Any advice on how to narrow down this problem would be appreciated.

Also, I don't know if this is related or not, but I'm slightly confused about the subject of kernel modules. Information such as here seems to say that I should expect to have amdkfd loaded. For me, it is not loaded, which may or may not be related to the problem above. However, despite this, /dev/kfd exists and rocminfo says "ROCk module is loaded", and I see that this repository's README.md doesn't mention kernel modules. Regardless if I try to install rock-dkms-bin, the DKMS build fails due to not being able to find kcl/backport/kcl_reservation_backport.h et al.
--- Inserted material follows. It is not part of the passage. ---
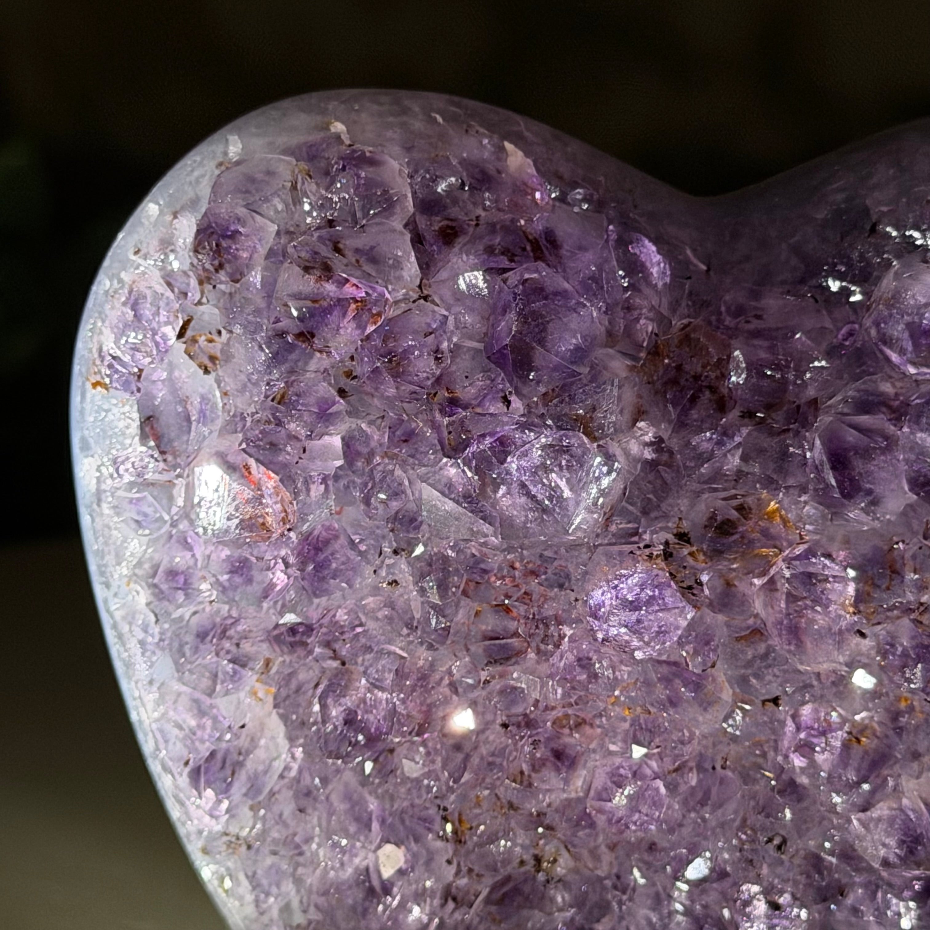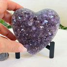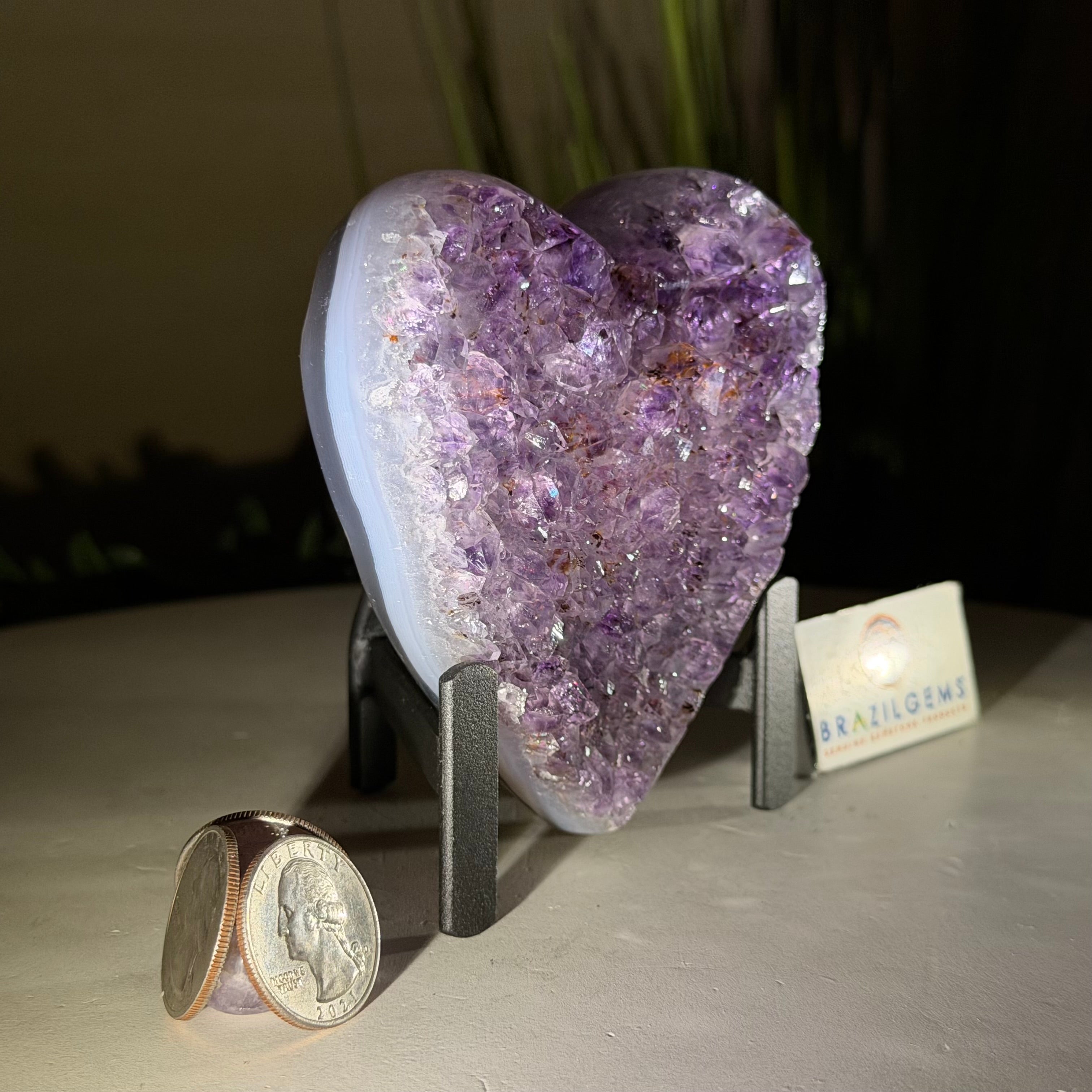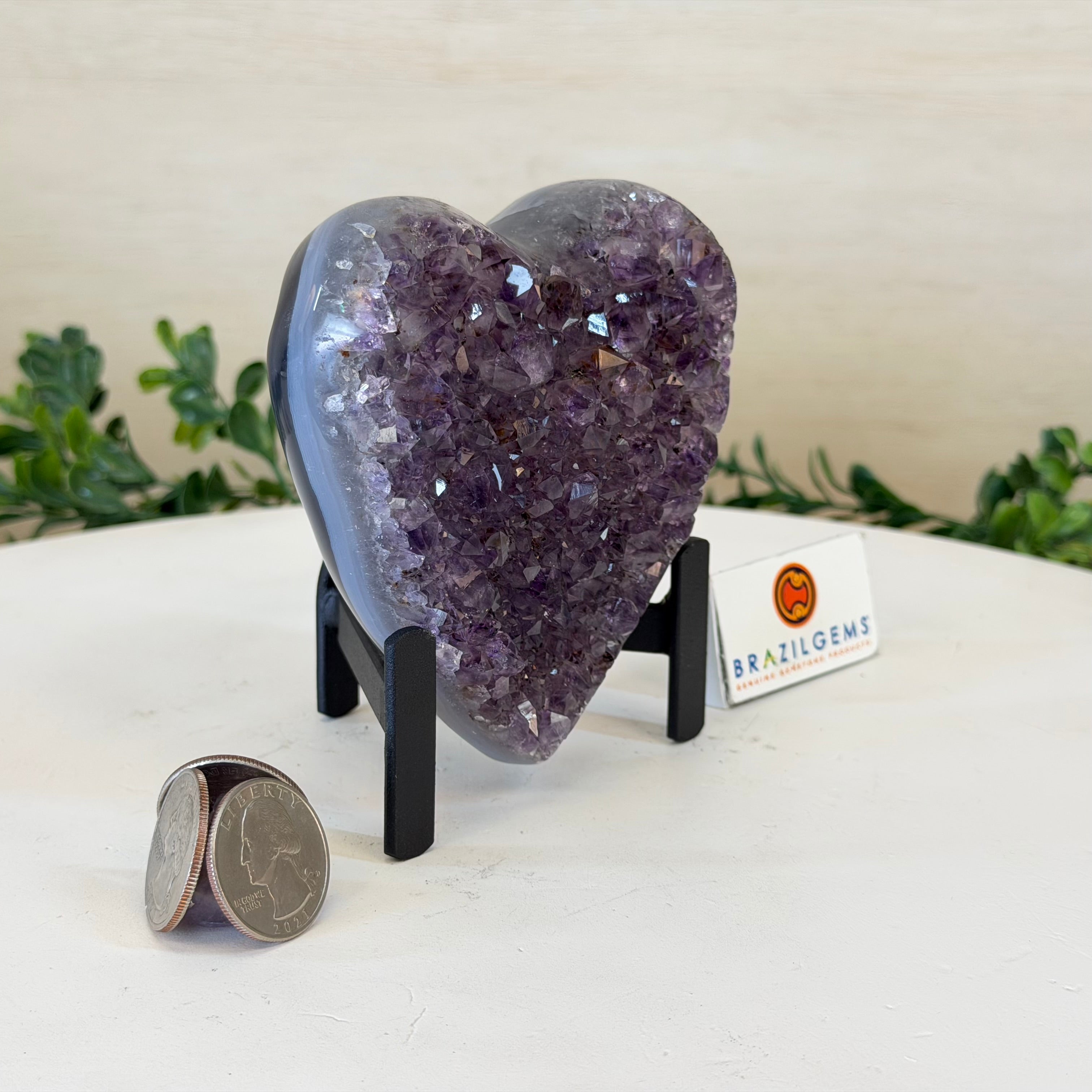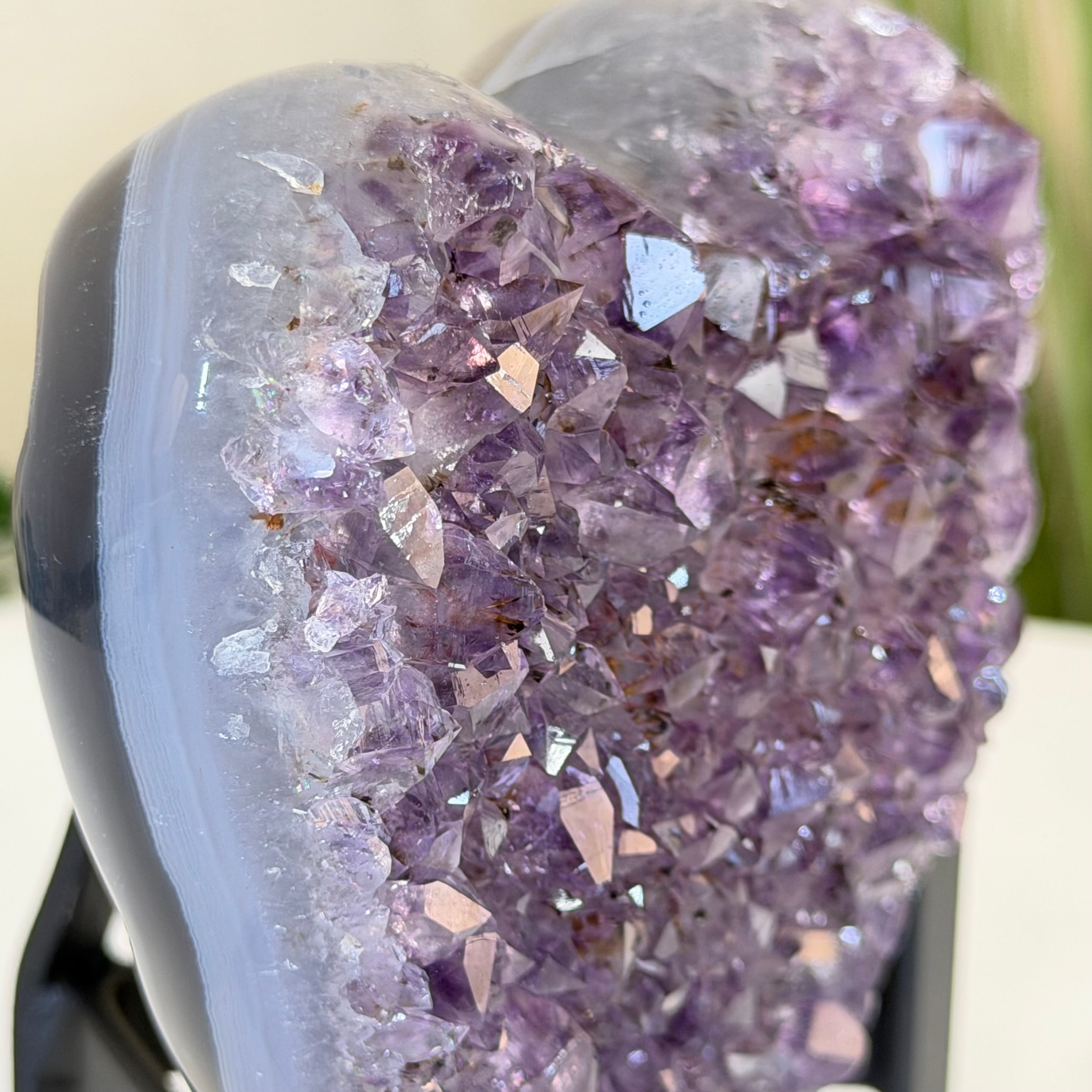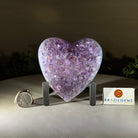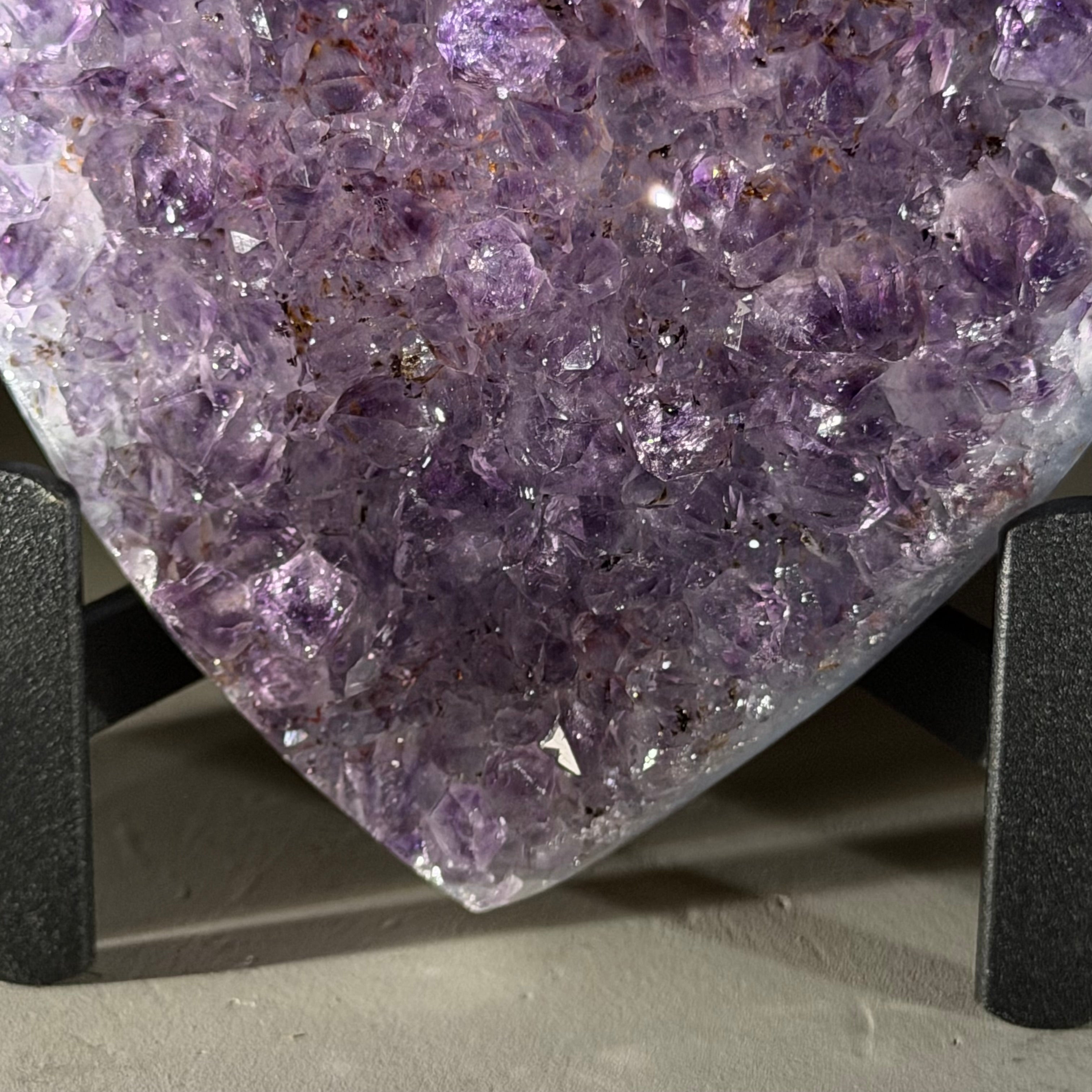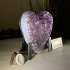 Experience the captivating beauty of this Extra Quality Heart-Shaped Amethyst Geode by Brazil Gems®. Elegantly displayed on a sleek black metal stand, this stunning gemstone showcases polished edges that highlight its vibrant violet hues, while the natural rough stone on the backside adds a touch of raw authenticity. Each crystal point sparkles with the unique, untouched beauty crafted by Mother Nature herself.

CyberShadow commented 3 years ago

With https://github.com/ROCm-Developer-Tools/HIP/issues/2166#issuecomment-735004539 as a starting point, I traced what was causing the error:

The problem occurs because the GPU binary blob passed to libamdhip64.so doesn't have the target we want.
- The blob contains:
- host-x86_64-unknown-linux
- triple=hip-amdgcn-amd-amdhsa-gfx803ELF@
- But we want something with gfx900.
This binary is sent to libamdhip64.so (via __hipRegisterFatBinary) from librccl.so (via __hip_module_ctor) in its module constructor.
This module constructor is apparently generated by the compiler: https://github.com/llvm-mirror/clang/blob/master/lib/CodeGen/CGCUDANV.cpp#L477
Checking the strings of the tensorflow package does seem to confirm that its GPU blobs are built only for the gfx803 target:

$ pacman -Qql python-tensorflow-opt-rocm | grep -v /$ | xargs strings | grep hip-amdgcn-amd-amdhsa 
strings: Warning: '/usr/lib/python3.9/site-packages/tensorflow/include/Eigen' is a directory
strings: Warning: '/usr/lib/python3.9/site-packages/tensorflow/include/absl' is a directory
strings: Warning: '/usr/lib/python3.9/site-packages/tensorflow/include/external' is a directory
strings: Warning: '/usr/lib/python3.9/site-packages/tensorflow/include/google' is a directory
strings: Warning: '/usr/lib/python3.9/site-packages/tensorflow/include/include' is a directory
strings: Warning: '/usr/lib/python3.9/site-packages/tensorflow/include/tensorflow' is a directory
strings: Warning: '/usr/lib/python3.9/site-packages/tensorflow/include/third_party' is a directory
strings: Warning: '/usr/lib/python3.9/site-packages/tensorflow/include/unsupported' is a directory
hip-amdgcn-amd-amdhsa-gfx803
hip-amdgcn-amd-amdhsa-gfx803
hip-amdgcn-amd-amdhsa-gfx803
hip-amdgcn-amd-amdhsa-gfx803
hip-amdgcn-amd-amdhsa-gfx803
hip-amdgcn-amd-amdhsa-gfx803
hip-amdgcn-amd-amdhsa-gfx803
hip-amdgcn-amd-amdhsa-gfx803
hip-amdgcn-amd-amdhsa-gfx803
hip-amdgcn-amd-amdhsa-gfx803
hip-amdgcn-amd-amdhsa-gfx803
hip-amdgcn-amd-amdhsa-gfx803
hip-amdgcn-amd-amdhsa-gfx803
hip-amdgcn-amd-amdhsa-gfx803
hip-amdgcn-amd-amdhsa-gfx803
hip-amdgcn-amd-amdhsa-gfx803
hip-amdgcn-amd-amdhsa-gfx803
... (etc.) ...

CyberShadow commented 3 years ago

Rebuilding tensorflow-rocm outside of a chroot now produces binary files which have hip-amdgcn-amd-amdhsa-gfx900 instead of -803. As expected, the newly built package works.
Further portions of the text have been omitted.